Ela só mudou de ala e teve seu cadastro alterado com o seu nome social após a intervenção de ativistas. “Quando cheguei ao hospital, ela estava na ala masculina. Prontamente conversamos com ela e intervimos na situação”, disse Robeyoncé Lima, codeputada do PSOL de Pernambuco.
Via assessoria de imprensa, o hospital disse que, ao tomar conhecimento de que a paciente era travesti, logo fez as mudanças necessárias e ressaltou que a demora em levar a paciente para o setor onde ficam as mulheres aconteceu por falta de informações oficiais e pelo estado em que Roberta deu entrada na unidade.
O quadro clínico da travesti só piorou. No dia seguinte à internação, no sábado (26), a equipe médica que a atendia constatou uma necrose profunda no braço esquerdo causada pela queimadura. O membro foi amputado para o estado de saúde da paciente não piorar ainda mais, segundo a assessoria de imprensa do hospital.
Roberta seguiu intubada após o procedimento cirúrgico porque apresentava muita secreção em seus pulmões e não conseguia respirar sozinha.
Na manhã desta segunda, já consciente, ela passou a respirar sem a ajuda de aparelhos, mas seu quadro clínico permanece crítico.
Além de gerar protestos locais, a violência contra a travesti comoveu ativistas travestis e celebridades. O comediante e youtuber Whindersson Nunes disse em uma rede social que enviou, por meio de um amigo, flores e um bilhete à Roberta.
“Tenho uma amiga trans que falou de Jesus para mim [de uma forma] muito bonita quando eu tinha perdido a fé, e esse amor voltou. […] Toda vez que eu penso nela, tenho medo que alguém faça algo assim do nada, porque é uma realidade”, disse Nunes.
O comediante Marcelo Adnet classificou o caso como “um horror” e disse que se prontificava a prestar ajuda à vítima.
As investigações da Polícia Civil chegaram até o rapaz de 17 anos porque ele foi visto na mesma barraca de lona em que Roberta estava antes do crime. Assim que foi apreendido, o jovem recebeu cuidados médicos em uma UPA (Unidade de Pronto Atendimento) e, após ser ouvido oficialmente, “foi autuado por ato infracional análogo à tentativa de homicídio qualificado”, disse a Polícia Civil de Pernambuco em nota.
Após avaliação do Ministério Público, o jovem foi encaminhado para a Unidade de Atendimento Inicial, da Secretaria de Criança e Juventude, para onde são levados os adolescentes envolvidos em crimes.
A Folha de S.Paulo perguntou à Polícia Civil e ao Ministério Público se o rapaz também será responsabilizado pelo crime de transfobia, mas as duas instituições não se manifestaram.

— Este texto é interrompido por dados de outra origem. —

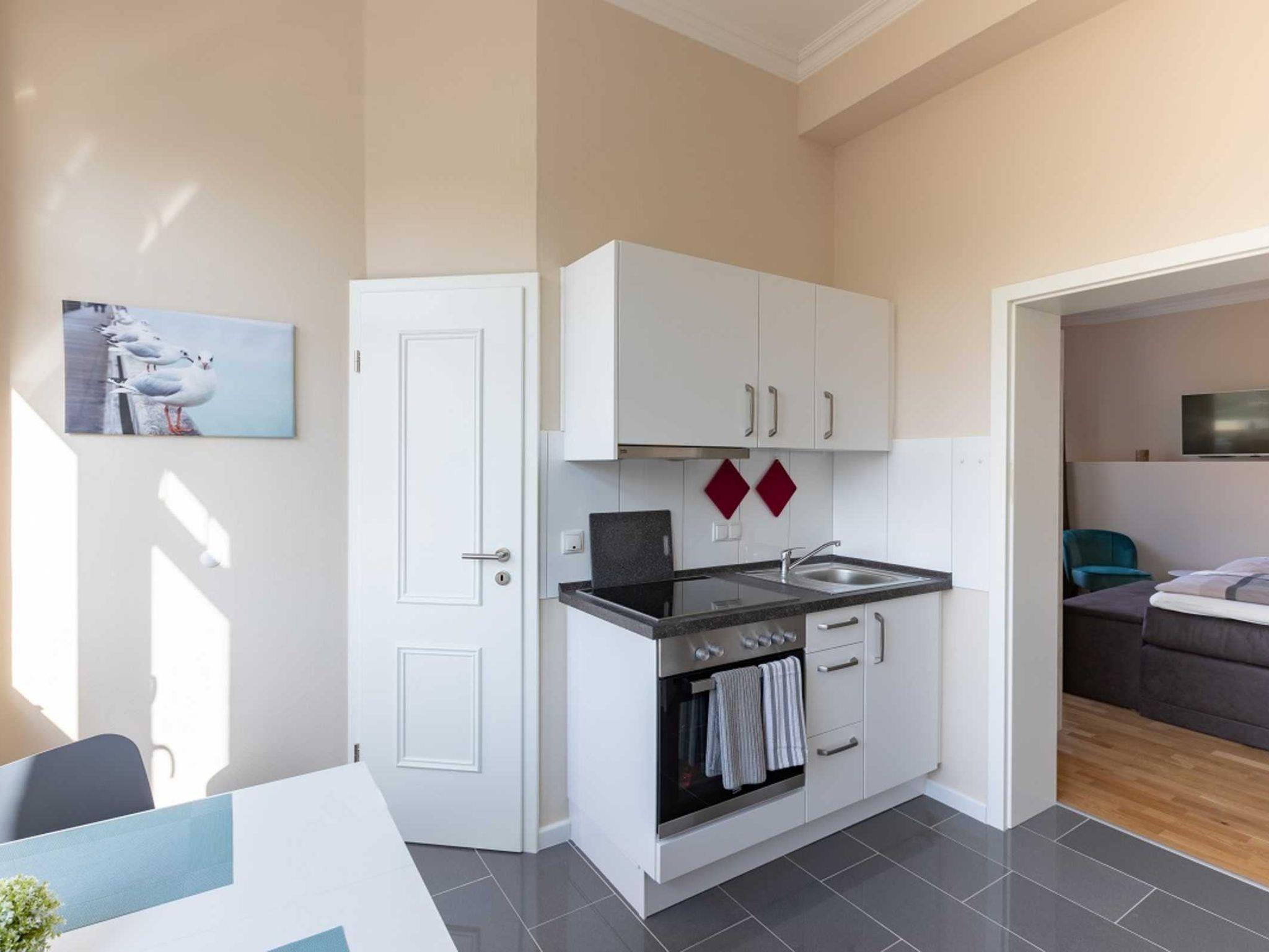 Das ca. 32 qm große Apartment Silbermöwe befindet sich im 1. Obergeschoss. Die Küche ist voll ausgestattet und im Bad liegt der Fön bereit – natürlich mit direktem Zugang zum Balkon.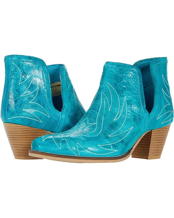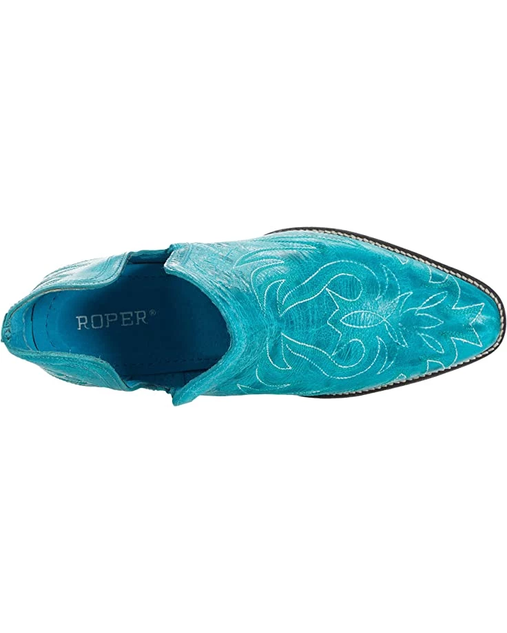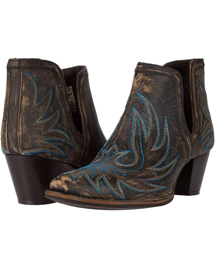 - The Roper® Rowdy ankle cowgirl boots feature a scuffed and scoured leather upper with beautiful multicolored stitching for a gorgeously rugged look that will complement your modern Western style.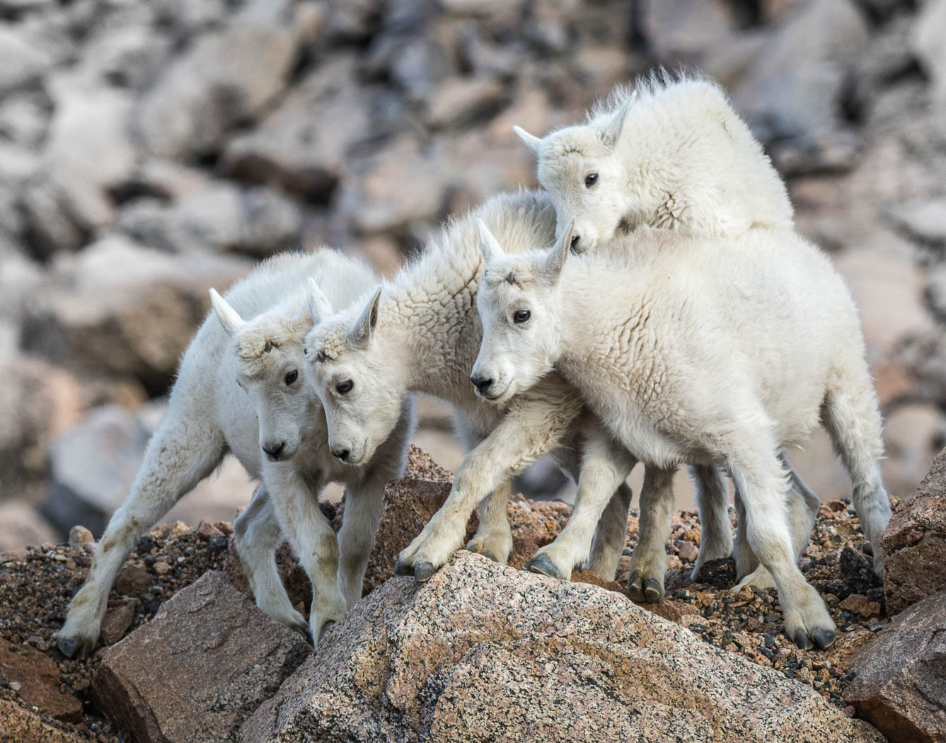 Multiple goat kids took multiple tumbles working their way down the tundra and talus.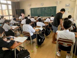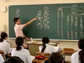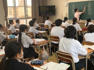 1組は国語です。文法で品詞分類表に基づき文の成り立ちを学習しています。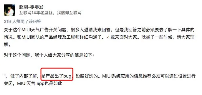 近日,MIUI 论坛里的一则帖子引起米粉和网友的热议,发帖者表示 MIUI 8.1.10 内测版中的天气应用中的广告开关消失。随后,有网友把情况反映到了知乎上,“如何评价 2018 年开始,MIUI 移除部分系统应用「广告关闭开关」的行为?”这个问题已经有 531 个回答,超过 80 万的人浏览。小米官方人员的回复为这是系统 Bug,将会马上修复。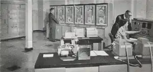Main storage capacity was 1,024 36-bit words - just over 4k bytes. Secondary storage was provided by magnetic drums, each of 4,096 words - about 20k. Anything else was stored on 1-inch-wide (25 mm) magnetic tape mounted in the vertical drive, vacuum-sealed behind a glass door. Peripherals included punched tape readers, punched card readers, and line printers.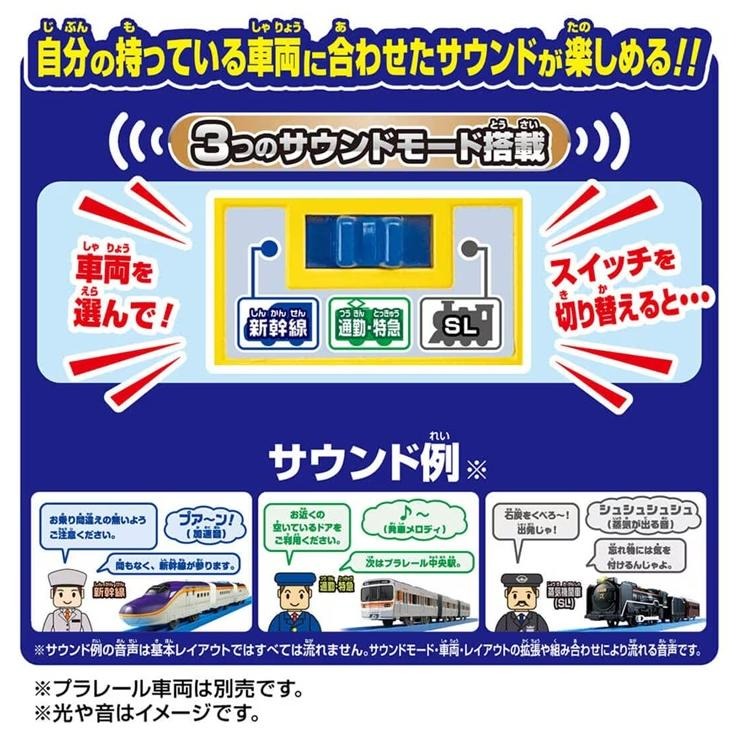プラレールとトミカが一緒に遊べる大きな踏切、ぐるっとカンカン踏切が登場! レバーとボタンでプラレールとトミカをコントロール! 光と90種類以上のリアルなサウンドで列車がくるワクワク感が楽しめる! 車種に合わせて切り替えられる3つのサウンドモードや、さらにサウンドをオフにして遊べるモードも搭載!

Em resposta ao prefeito do Recife, João Campos, (PSB), que disse numa rede social acompanhar o caso de Roberta por meio de sua Secretaria de Desenvolvimento Social, a Antra (Associação Nacional de Travestis e Transexuais) afirmou que “o estado de Pernambuco está entre os dez mais violentos e com os maiores dados de assassinatos de pessoas trans do Brasil, com muitos casos na capital”.
“Precisamos de políticas específicas para enfrentar essa violência que segue negligenciada”, disse a entidade.

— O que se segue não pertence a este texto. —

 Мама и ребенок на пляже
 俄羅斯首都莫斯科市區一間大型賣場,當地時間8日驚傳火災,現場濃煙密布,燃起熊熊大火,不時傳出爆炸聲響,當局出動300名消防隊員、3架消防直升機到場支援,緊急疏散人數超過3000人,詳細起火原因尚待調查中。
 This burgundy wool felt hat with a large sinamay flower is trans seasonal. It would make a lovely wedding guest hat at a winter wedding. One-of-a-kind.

O Brasil é considerado o país que mais mata pessoas transgênero entre as grandes nações, de acordo com rankings internacionais. Em 2020, foram contabilizados 175 casos de assassinatos entre pessoas trans e travestis no país -alta de 41% em relação ao ano anterior. Nos quatro primeiros meses deste ano, outras 56 mortes violentas foram registradas, de acordo com mapeamento da Antra.